Since that first RFC, or Request For Comments, the process has become the standard Klaviyo engineers follow before developing projects of all sizes. It’s not at all a new concept, and the first Internet Standards RFC dates back to 1969. Many other contemporary engineering teams author RFC documents, for example, see Squarespace’s The Power of “Yes, If” and Juan Pablo Buriticá’s A thorough team guide to RFCs.

Early on, we evangelized the process with the motto Always Write Something. We’ve since authored and reviewed over 600 RFCs, covering everything from small data migrations to entirely new revenue generating systems.

In my 5+ years at Klaviyo, I’ve reviewed hundreds of RFCs and written over a dozen. I’m also a member of the Architecture Review Board (ARB), a group that stewards the RFC reviews. RFCs have become the foundation for our technical decision making. In this post I’ll share how RFCs work at Klaviyo with real examples.

What is an RFC and how does it work?

An RFC involves both writing your ideas down in a document and presenting them to your stakeholders for discussion. Communication is essential for engineers to work effectively with one another, especially when the organization grows beyond a few teammates. The RFC process encourages healthy communication. We want engineers with all levels of experience to have a positive and useful experience sharing ideas, and we want these ideas to be described and discussed in a consistent and high-quality way.

RFCs start as team discussions, which are then written up as technical specifications. When writing an RFC, authors use a standard template. The ARB maintains and iteratively improves the RFC templates (there are subtle derivatives of the one linked above, each focusing on domain specific details). The authoring teams then share these RFC documents with stakeholders, who are teams that will be impacted one way or another by the proposed changes. Stakeholders can be one of our SRE teams, e.g. Security Engineering, or they can be teams whose owned systems will interact with the proposed changes. For every RFC, the ARB is a required stakeholder. This helps ensure consistency and reliability across all teams.

An example approvals section of the RFC, listing out stakeholders and their review status.

Discussion starts asynchronously in the form of comments on the RFC document and over Slack. Meanwhile, the author schedules a meeting to finalize the discussion. We reserve four one hour blocks per week to hold these discussions and authors can reserve 30 or 60 minutes — it’s usually clear from the async comments how long it will take to resolve open points. Holding these blocks is a small but important process detail. Otherwise, if authors were left on their own to find blocks of time, weeks could be lost to scheduling.

These discussion sessions are open to everyone at Klaviyo. For that reason, RFCs are an excellent learning opportunity for new team members. Liam Kelly, a colleague and ARB member, put it this way:

One thing that impressed me about Klaviyo’s RFC process is the openness of it — i.e. everyone can view and comment on every RFC if they want, and anyone can drop in and observe any RFC review.
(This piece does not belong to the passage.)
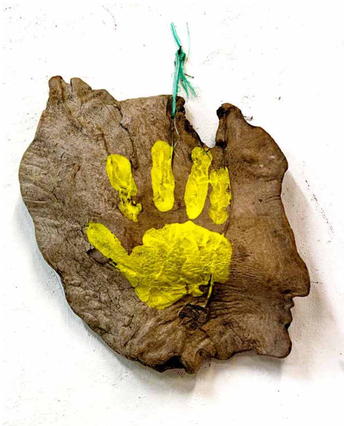
Claude Viallat - Main jaune 2003 n°Ob020 - Empreinte de main sur bois flotté - 31 x 36 cm

Those things were a big help when I was onboarding as far as understanding the work of other teams.

An ARB member moderates the RFC discussion. Our goal is not just moderation, but also to prompt exploration of any under-addressed aspects of the proposal.

Page from our internal wiki describing the RFC moderation process.

Here’s the slide we show before each RFC discussion to remind everyone the rules of play.

The “Welcome to RFC Review” slide presented before each meeting.

(The slide is less fun than our initial effort: playing a Gilbert Godfreed impersonator reading of the guidelines out loud!)

Many RFC discussions resolve with all teams agreeing on a path forward. If not, there’s a process for iteration, and the outcome of the discussion might simply be a list of action items to address before re-review of the plan. The eventual goal is that stakeholders give approval and the RFC is ready for development. An alternative, and also positive outcome, is one where the process of writing and discussion makes us realize the plan is missing something that deserves more attention. This sometimes results in scrapping the approach or even the entire project.

How long does this all take? Writing the initial draft varies widely. It could be that the author clearly understands the idea and writing it down takes half a day. Or it could be that in writing the RFC, the author is also writing prototype code, performance testing packages, etc., in which case it will take much longer. At any rate, once drafted, based on reviewer responsiveness, schedule congestion and the number of follow up action items, it’s usually one to three weeks to approval.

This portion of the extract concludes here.